Key Differences from v1
| Feature | cgroups v1 | cgroups v2 |
|---|---|---|
| Hierarchy | Multiple independent trees (one per controller) | Single unified tree |
| Thread granularity | Optional per‑controller | Always per‑thread (no separate tasks vs cgroup.procs) |
| Delegation | Manual mount‑point tricks | Native systemd slice delegation |
| Memory pressure notifications | memory.pressure_level (v1) | memory.low and memory.high with unified pressure interface |
For a detailed spec, see the kernel documentation.

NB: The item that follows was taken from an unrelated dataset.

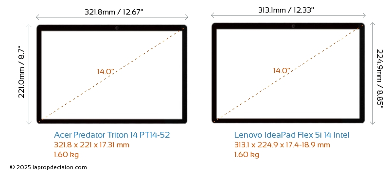 HDMIどちらの Predator Triton 14 PT14-52 と IdeaPad Flex 5i 14 Intel も HDMI ポートを備えています。 Predator Triton 14 PT14-52 は 1x HDMI 2.1 を提供し、 IdeaPad Flex 5i 14 Intel は 1x HDMI 1.4 を提供します。
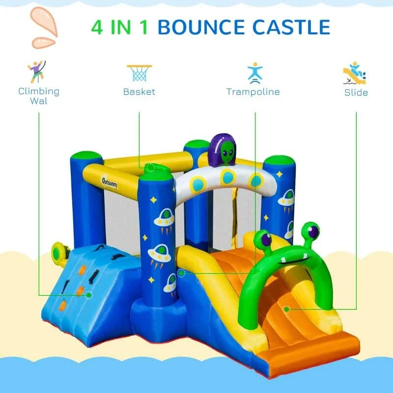 Outsunny Alien 4-in-1 Large Bouncy Castle with Slide – 3.2 x 2.4 x 2m – 342-056V70

Implementation Basics: Creating and Managing Control Groups
You can interact with cgroups directly via the filesystem or through systemd. Below we cover both approaches.
Manual Creation with Bash
#!/usr/bin/env bash
# Create a new control group called "batch"
CGROUP_ROOT="/sys/fs/cgroup"
CGROUP_NAME="batch"
mkdir -p "${CGROUP_ROOT}/${CGROUP_NAME}"
# Set a CPU limit of 20% (200ms of 1s period)
echo "20000 100000" > "${CGROUP_ROOT}/${CGROUP_NAME}/cpu.max"
# Restrict memory to 2 GiB
echo "$((2 * 1024 * 1024 * 1024))" > "${CGROUP_ROOT}/${CGROUP_NAME}/memory.max"
# Limit I/O to 10 MiB/s on /dev/sda
echo "8:0 wbps=10485760" > "${CGROUP_ROOT}/${CGROUP_NAME}/io.max"
cpu.maxtakesquota periodin microseconds.memory.maxexpects bytes.io.maxuses the formatmajor:minor <op>=<bytes>;wbpsis write bandwidth.
To attach a process:
PID=12345
echo "$PID" > "${CGROUP_ROOT}/${CGROUP_NAME}/cgroup.procs"
Systemd Slice Delegation
Systemd abstracts the same files behind slices and services, which is the preferred method for most production environments.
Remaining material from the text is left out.